[WORK TO COMPLETE] Transcribe only the part of the material below that begins at the line containing "تابع ISERROR در اکسل این" and ends at the line containing "The J39 Mogensen", with both kept and images left out.

[PROVIDED RECORDS]
++++++++
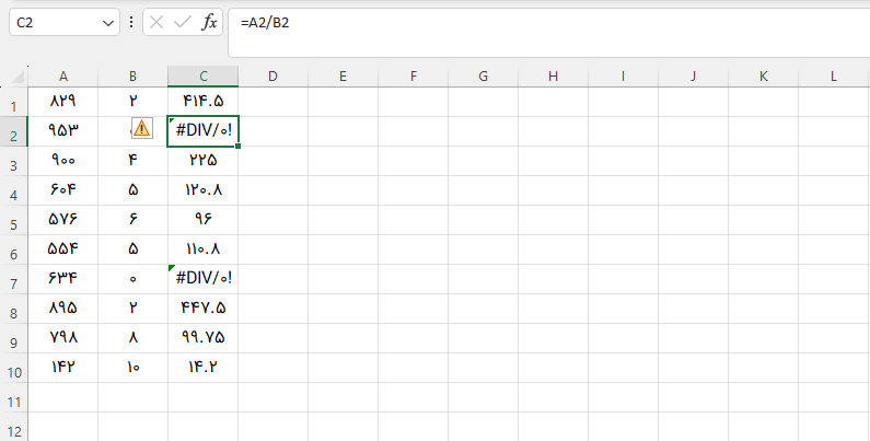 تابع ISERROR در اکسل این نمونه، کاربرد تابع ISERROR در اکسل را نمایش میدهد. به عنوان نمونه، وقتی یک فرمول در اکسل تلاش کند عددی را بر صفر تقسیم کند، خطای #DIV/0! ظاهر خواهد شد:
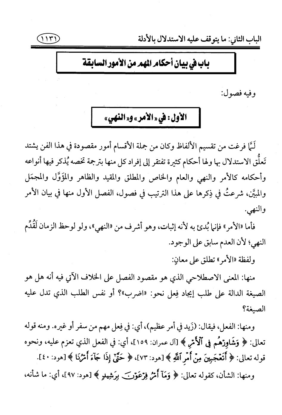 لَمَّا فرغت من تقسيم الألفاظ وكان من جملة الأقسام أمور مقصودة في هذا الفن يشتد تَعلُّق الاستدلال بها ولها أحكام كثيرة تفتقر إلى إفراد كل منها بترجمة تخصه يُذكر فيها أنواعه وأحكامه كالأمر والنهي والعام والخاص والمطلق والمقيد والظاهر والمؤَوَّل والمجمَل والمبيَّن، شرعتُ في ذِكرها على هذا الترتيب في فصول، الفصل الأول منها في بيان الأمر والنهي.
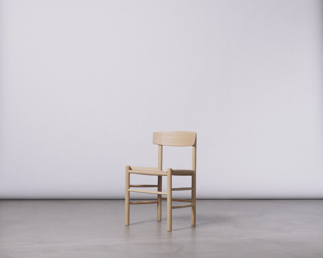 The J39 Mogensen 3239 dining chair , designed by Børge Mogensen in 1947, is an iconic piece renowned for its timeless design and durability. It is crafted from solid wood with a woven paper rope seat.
++++++++
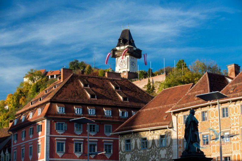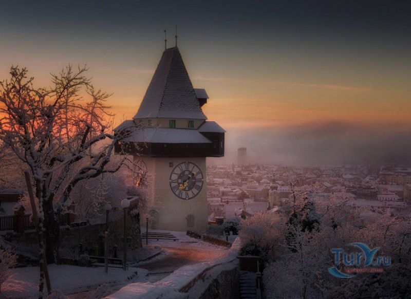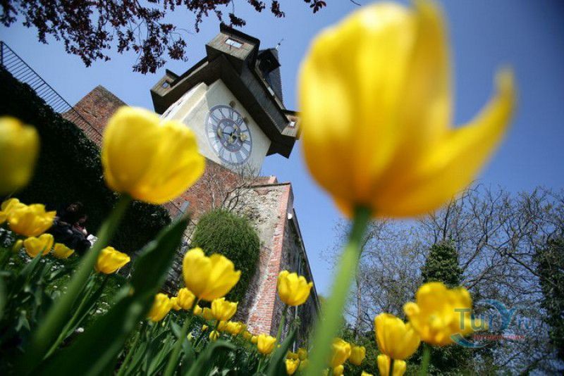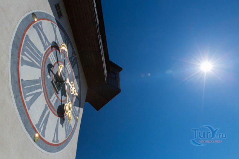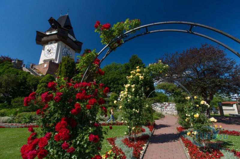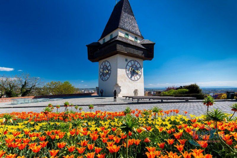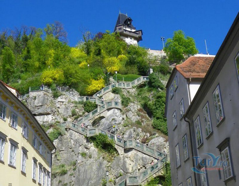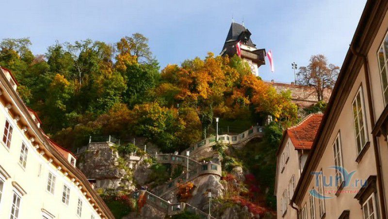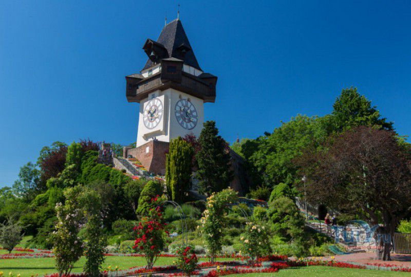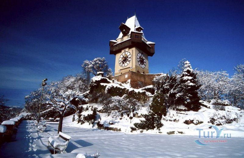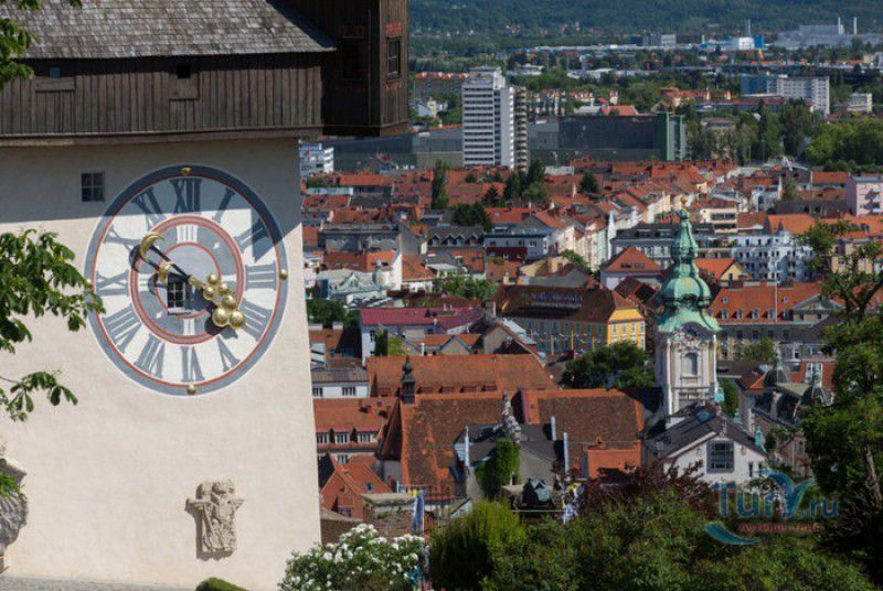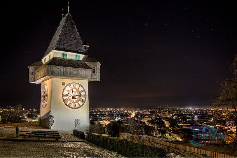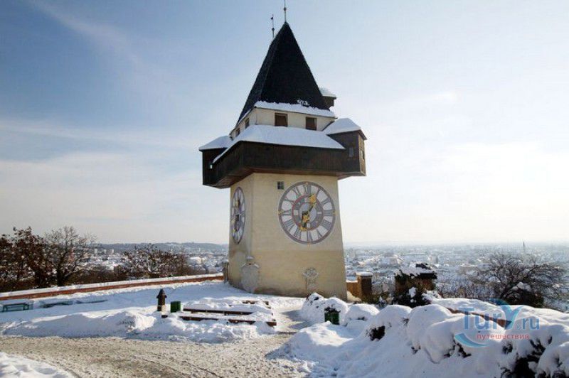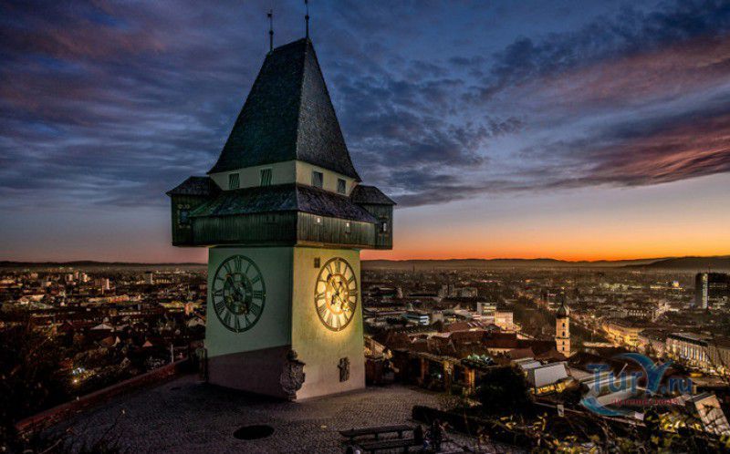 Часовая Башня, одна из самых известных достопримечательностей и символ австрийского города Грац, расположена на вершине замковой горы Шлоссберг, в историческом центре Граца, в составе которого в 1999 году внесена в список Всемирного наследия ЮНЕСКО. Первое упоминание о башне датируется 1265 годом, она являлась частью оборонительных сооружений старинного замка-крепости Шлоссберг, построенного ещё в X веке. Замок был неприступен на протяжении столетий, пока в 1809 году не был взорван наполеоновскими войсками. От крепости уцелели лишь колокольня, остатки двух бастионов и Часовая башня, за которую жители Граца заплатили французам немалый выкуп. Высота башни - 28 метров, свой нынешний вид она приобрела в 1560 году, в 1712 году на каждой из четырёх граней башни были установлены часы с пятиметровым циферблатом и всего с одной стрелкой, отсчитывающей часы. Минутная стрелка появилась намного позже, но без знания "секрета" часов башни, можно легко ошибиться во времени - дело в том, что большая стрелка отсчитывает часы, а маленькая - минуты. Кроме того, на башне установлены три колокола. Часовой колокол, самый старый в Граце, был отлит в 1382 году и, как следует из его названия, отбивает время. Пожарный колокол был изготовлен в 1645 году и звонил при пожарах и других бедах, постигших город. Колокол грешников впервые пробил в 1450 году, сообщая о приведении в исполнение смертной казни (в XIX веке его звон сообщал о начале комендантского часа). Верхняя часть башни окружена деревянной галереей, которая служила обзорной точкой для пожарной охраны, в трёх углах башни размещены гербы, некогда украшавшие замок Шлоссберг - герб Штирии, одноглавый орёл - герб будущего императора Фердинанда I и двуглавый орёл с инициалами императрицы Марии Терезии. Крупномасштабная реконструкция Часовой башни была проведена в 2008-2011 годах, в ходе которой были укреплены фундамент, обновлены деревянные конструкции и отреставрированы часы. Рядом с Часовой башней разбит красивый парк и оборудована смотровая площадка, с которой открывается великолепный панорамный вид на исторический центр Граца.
++++++++
[EXERCISE RESULT]
 تابع ISERROR در اکسل این نمونه، کاربرد تابع ISERROR در اکسل را نمایش میدهد. به عنوان نمونه، وقتی یک فرمول در اکسل تلاش کند عددی را بر صفر تقسیم کند، خطای #DIV/0! ظاهر خواهد شد:
 لَمَّا فرغت من تقسيم الألفاظ وكان من جملة الأقسام أمور مقصودة في هذا الفن يشتد تَعلُّق الاستدلال بها ولها أحكام كثيرة تفتقر إلى إفراد كل منها بترجمة تخصه يُذكر فيها أنواعه وأحكامه كالأمر والنهي والعام والخاص والمطلق والمقيد والظاهر والمؤَوَّل والمجمَل والمبيَّن، شرعتُ في ذِكرها على هذا الترتيب في فصول، الفصل الأول منها في بيان الأمر والنهي.
 The J39 Mogensen 3239 dining chair , designed by Børge Mogensen in 1947, is an iconic piece renowned for its timeless design and durability. It is crafted from solid wood with a woven paper rope seat.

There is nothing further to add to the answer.